Wild greens are generally more flavoursome and nutritious than greens raised commercially. This is because they are not pushed to produce yields beyond their means and have evolved naturally, so they have a greater variety of nutrients and flavour as a result.
You are also more likely to eat your greens on the day you harvested them, so they will have a higher concentration of vitamins and minerals than leaves, which are several days old.
By foraging for greens you will become more in tune with the local environment and nature, and you will eat the food that humans have evolved to eat.
There are plenty of wild leaves to choose from, including watercress found growing in local streams, to hops growing in the hedgerows. You may also want to try eating the leaves of wild garlic, which have a mild, garlicky taste, or garlic mustard, otherwise known as ‘Jack-by-the-hedge’.
There are plenty of options to choose from when foraging. They key is knowing exactly what you are picking and washing the leaves thoroughly before you eat them. Take a basket and an expert with you, and see what your local woods and hedgerows have in store for you.
Many edible leaves are otherwise known as weeds. These include nettles, dandelions, borage, chickweed and fat hen. They are all extremely rich in vitamins and minerals, including iron and potassium, and they are delicious too.
They can be made into simple salads, soups and sauces to accompany a wide range of dishes or be eaten in their own right.
Wild Greens to Try
- Dandelion – packed with iron, vitamins C and A, with a bitter-sweet taste.

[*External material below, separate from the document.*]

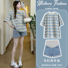 孕妇套装夏2024新款蓝色条纹宽松时尚薄款短袖上衣牛仔短裤两件套(128元)
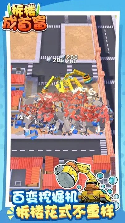 拆楼成首富内置菜单版是一款充满趣味和挑战的安卓游戏。在这款游戏中,玩家将扮演一位拆迁公司的老板,通过驾驶挖掘机等重型机械,拆除各种建筑,获取利润并逐渐积累财富。游戏内置菜单功能,为玩家提供了更多便捷的游戏体验,让玩家在享受拆楼乐趣的同时,也能轻松管理自己的公司,逐步成为首富。

- Chickweed – contains calcium, potassium, iron, phosphorus, manganese, and vitamins C and B. and is thought to encourage weight-loss.
- Fat hen – contains calcium, potassium, iron, phosphorus, manganese, and vitamins C and B. If you have poultry, fat hen makes a good feed.
- Plantain – its leaves can be harvested and cooked like spinach.
- Ground elder is similar in taste to spinach.
- Borage- its delicate blue flowers can be added to salads or drinks and its leaves have a mild cucumber taste and can be eaten raw or steamed.
- Sorrel – a few leaves are plenty as it has a very strong flavour.
- Hogweed can be cooked and eaten like asparagus.
- Nettles – packed with iron, it can be made into nettle tea, beer and soup and eaten like spinach.
When you go foraging for wild greens, you should choose an area that is free from pollution. Avoid picking greens from the roadside, as they can be polluted with deposits from exhaust fumes. It’s a good idea to pick fresh leaves after it has rained, to ensure they are free from dirt, but you should always wash them thoroughly before eating them.
Foraging for wild greens needn’t be difficult. Always make sure you know what you are picking and take an expert or a field guide with you for reference. It won’t be long before you are an expert in wild greens and will be able to rustle up a feast from wild food fourn lurking in the hedgerows.